A compiler option, bitwise-divide, changes the unary division to behave like a normal unary operation, performing a bitwise rotate of its operand and so on. You can figure out what it does.
The symbol for the unary division is the worm (-
), so
for example #-62 is the unary division of #62. Note that the worm
is also used to construct indirect registers, but that's OK because
the compiler does not get confused. The programmer might.
There are four binary operators: interleave, select, and two forms of operand overloading. Operand overloading is implemented in CLC-INTERCAL 0.05 or newer, and are described in the next section.
Interleave is written ¢
(change), but can also be
represented as C-backspace-slat
or C-backslace-spike
if the input alphabet is ASCII. If the compiler is in "C-INTERCAL compatibility
mode", the big money ($) can be used as well. Note that this means you can't
use it for ownership paths, but that's OK since C-INTERCAL has no BELONGS TO
relation.
Interleave takes two 16 bit numbers and "interleaves" their bits. For
example, #3¢#0
is 10. To see why, write the numbers
in binary (3 is 0000000000000011 in binary, so interleaving the bits
with 0000000000000000 you get 00000000000000000000000000001010, which
is 10). It can be used to simply form 32 bit constants by writing all
the "even" bits to the left of the ¢
and all the
"odd" bits to the right.
Interleave fails if it tries to produce more than 32 bits. Use it only on 16 bit values!

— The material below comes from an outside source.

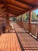 A gracious wraparound porch spans three sides of the cabin, offering breathtaking views to the south, east, and west. The interior is tastefully curated with the artwork and design sensibility of Chaille Trevor, one of the property's owners, adding a unique and personal touch to this inviting mountain escape.

If the base is not 2, interleave works the same way, but interleaves digits instead of bits; for example, in base 3, #3¢#0 is #9.
Select is written ~
(sqiggle [sic]). It uses the second number
to "select" bits in the first number. The bits selected are the ones where
the second number has a 1. All the bits of the result are right-aligned, and
padded with 0 to form a 16 bit or a 32 bit number depending on the size of
the result. Note that if you are planning to apply an unary operator on the
result of select you don't know in advance whether the 16 bit or 32 bit
operator will be used, because this is data-dependent. As an example,
:1~#32768
selects bit 15 of :1
and returns 0 or
1 accordingly. .1~#32770
selects bits 15 and 2 of .1
and can return 0, 1, 2, or 3.
If the base is not 2, select works similarly. See the documentation coming with C-INTERCAL for a full discussion.

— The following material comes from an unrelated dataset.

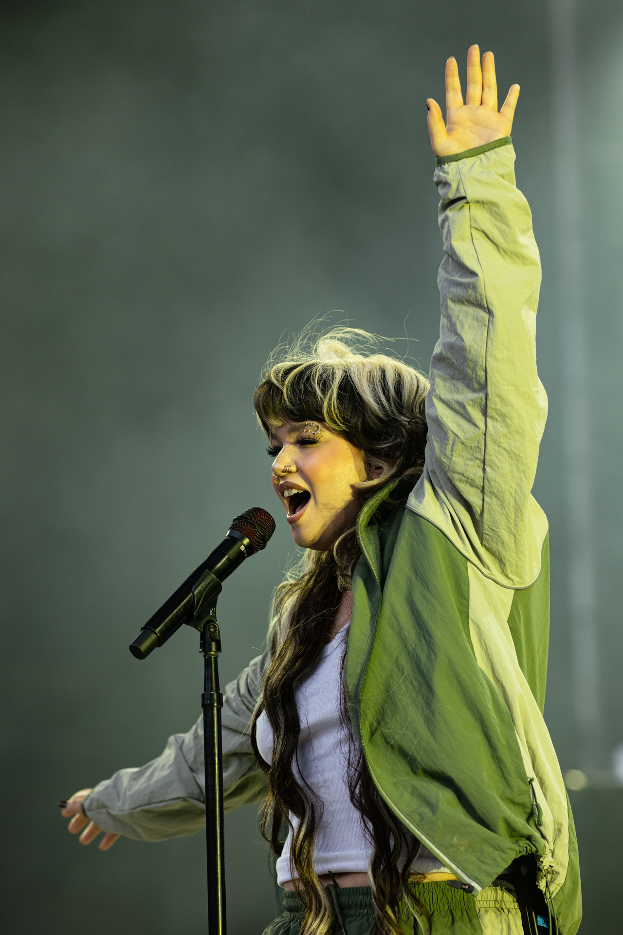Maude Latour was a mid-day firecracker. Dressed head to toe in silver sequins with rainbow tinsel throughout her hair, her joy radiated on and off stage. All Things Go is a break for her in the midst of her supporting dates on Alex Warren’s tour, and this afternoon was celebratory in nature with the deluxe version of her album, Sugar Water, having come out that day.

There are two operand overloading operators: they are written /
(slat) and \
(backslat). These are binary operators, but the
first operand of slat must be a register or a register with subscripts.
The second operand can be any expression.
Both overloading operators return the value of their left operand. In the case of slat, any previous overloading which applies to the left operand is removed before evaluating it. For example, ".1/#1" returns the value contained in .1
The side effect of the overloading operators is to change the way some registers are used in future. Slat applies to a single value, be it a register or an array element. Whenever that value is used after the overloading, the expression is evaluated instead. For example, after ".1/.2" using .1 will return the value of .2. The register @0 is temporarily created and enslaved to the register being overloaded, so ".1/$@0" is a slightly less efficient way to access the value of .1
Assigning to an overloaded register or array element attempts to invert the relevant operations. For example, if .1 is overloaded to &&.2, then assigning #4 to .1 will leave .1 unchanged but assign #28 to .2 (this is because & is #4). This does not always work, so you might get a runtime error. However, if the expression includes only interleave, select, overload, and registers, the assignment always succeeds. The unary operators sometimes fail because there are values which they can never return (for example, there is no way to get #10 as the result of an unary AND, so if .1 is overloaded to .&2, assigning #10 to .1 results in an error, while of course assigning #12 would be fine because #&28 is #12). Currently, assigning to a constant works in CLC-INTERCAL 1.-94, as does assigning to splat (which however produces an error because now the "splat" variable has a value!). In addition, assigning to anything which corresponds to a constant causes modification of a constant (for example, assigning to -.2 is equivalent to assign to #2 or to ?SYMBOL). If you are not confused now, you never will be.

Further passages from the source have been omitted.